The new Movement was founded on 21 March 2012 in Istanbul, under the auspices of representatives of Turkey's Islamist Great Unity Party (BBP), the Iraqi Turkmen Front and of Ülkü Ocakları, the "Grey Wolves" youth branch of the Nationalist Movement Party (MHP). The new movement's first leader Abdulkerim Ağa stressed their determination to "take an active role in Syrian politics," while reaching out to "all the various actors of the Syrian opposition to achieve a democratic and civilized Syria".

The first meeting of the reconciliatory Syrian Turkmen Platform (now: Syrian Turkmen Assembly) on 15 December 2012 led to another regrouping, with some of the Movement's more prominent figures leaving, again including Atacan, to give the idea of a wide political party on behalf of the Syrian Turkmens yet another try. While they eventually reconciled with the Syria Turkmen Bloc, the Movement decided to carry on, refocussing on its stronghold in Aleppo, and appointing Ziyad Hasan and Tarık Sulo Cevizci the new chairman and deputy chairman. The Syria Turkmen Bloc on the other hand focusses on its strongholds in Latakia and Bayır-Bucak.

==Positions==
The Syrian Democratic Turkmen Movement asserts that there are 3.5 million Turkmens in Syria.
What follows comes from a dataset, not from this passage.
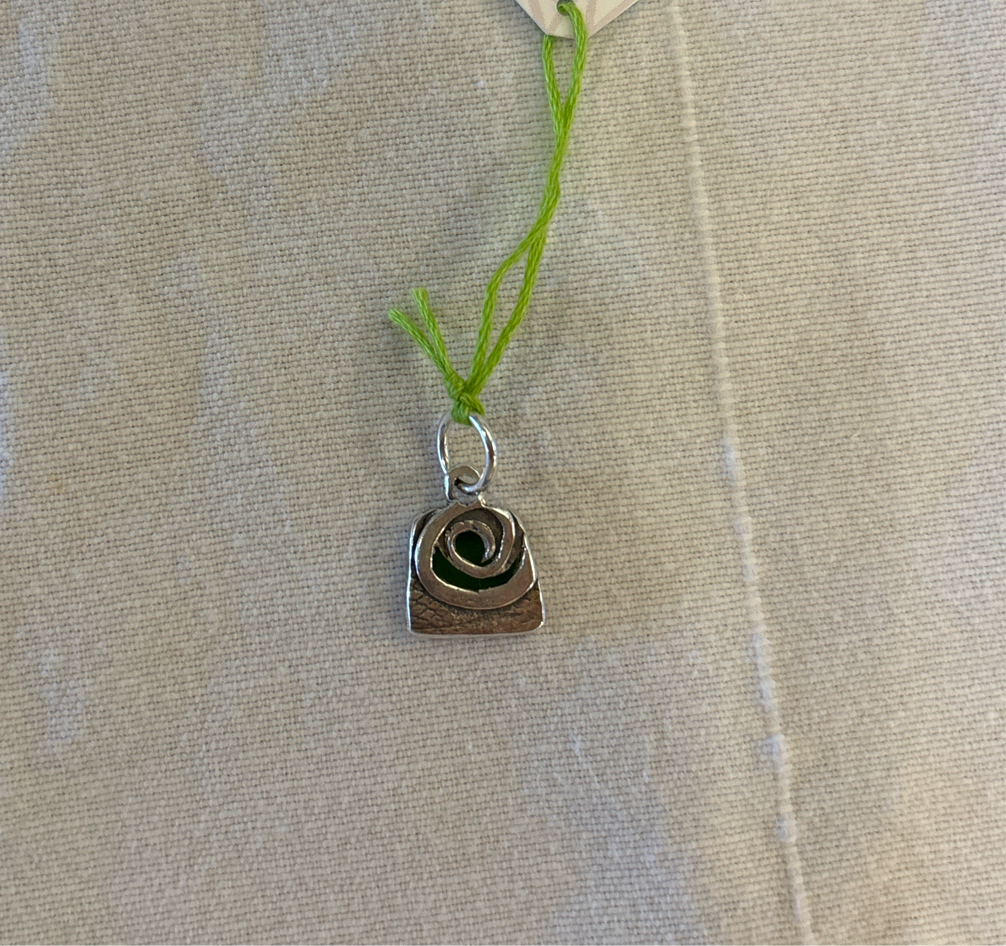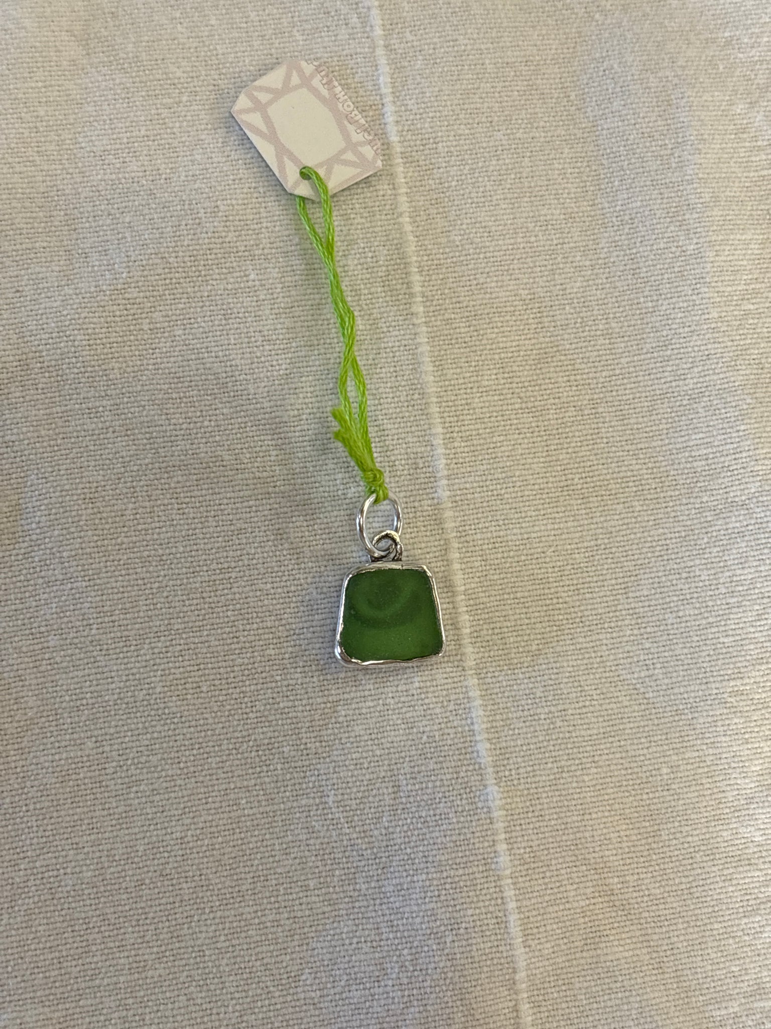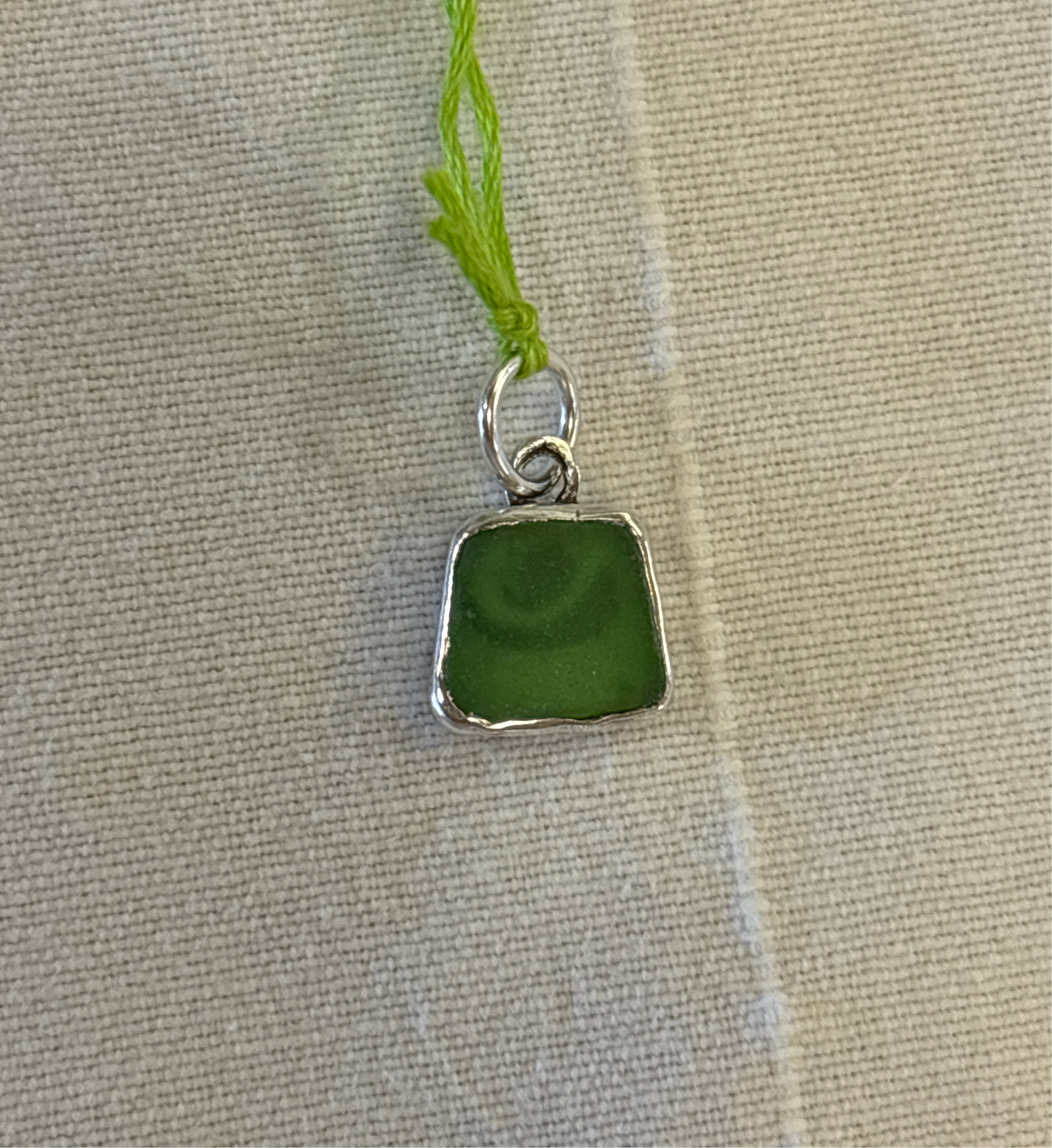 Thank you ocean, sand and time for polishing the dangerous shards of glass into yummy little gems like this one. Wear as a necklace or anoint a keychain and look kool. Or wear on one of my hand knotted colorful beaded necklaces. I like to cut out windows, and decorate the backsides of my pendants. Not boring at all.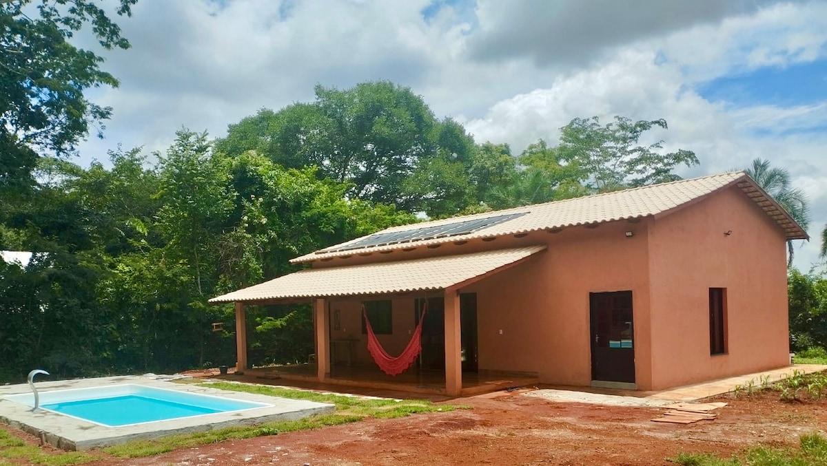 Med et eksklusivt areal på ca. 1000 m2, omgivet af grønne områder. Slap af i dette område, der ligger 15 minutter fra Goiânia. Det er let tilgængeligt, og du får privatliv, ro midt i naturen og en masse komfort. Ingredienser, der gør Apoena-hytten til en unik oplevelse tæt på Goiás' hovedstad, for dem, der elsker at undslippe støj og nyde komforten ved en pejs (indendørs og udendørs), kvalitets-wifi (starlink), badekar, spa og projektor, så du kan se dine film og serier i stor stil.

However, the party is against a divided Syria because Syrian Turkmens live scattered in various cities such as Aleppo, Homs, Latakia, Azaz, Jarablus, Raqqah, Idlib, Hama and Damascus, and a divided Syria would do serious damage to the interests of the Turkmens.

In an interview with Turkish think-tank ORSAM, the later chairman Ziyad Hasan in February 2012 stated the main political expectations of the Turkmens he represents as following:
- a constitutional drafting process with Turkmen's participation
- the transition to a multi-party system
- the recognition of Turkmen as a primary component of Syria
- establishment of the Turkish language as an official language in areas with a strong Turkmen minority
- Turkish language courses in public schools and removal of legal barriers against native language education
- reinforcement of local governments' authority
- a sustainable economic development process to improve economic conditions of all Syrian people
Hasan deplored the relative calm in Aleppo compared to other regions of the country, explaining it with insecurity due to the presence of various ethnic and religious groups, and the metropolitan lifestyle of the city. While he said the vast majority of Turkmens in Aleppo supported the uprising, Assyrians and Armenians feared an emerging Islamic regime. He considered the Kurds as a major power in the region, and as heavily influenced by the PKK, which – in line with the Turkish government's position – he brands a "terrorist organization".

==Activities==

===Diplomatic efforts===
The Movement is represented in the Syrian Turkmen Assembly, which it initiated as a supra-political-parties structure to alleviate the split within the Syrian Turkmen community. Stressing the diplomatic efforts with Turkey and the Syrian opposition, delegating 16 representatives to the Syrian National Council and 3 Turkmen representatives to the Syrian National Coalition.

===Political and military activism===
On the ground, the Movement was said to carry out almost all [Turkmen] political, civilian and military activities in Aleppo. It is associated with Ali Basher, who commands the Syrian Turkmen Brigades in the province of Aleppo such as Sultan Mehmet the Conqueror, Zahir Baybars Brigade, Martyr Ali Yılmaz Troop, Suleiman Shah Troop, Alparslan Troop, Yıldırım Beyazıt Brigade, and Sultan Abdul Hamid Troops.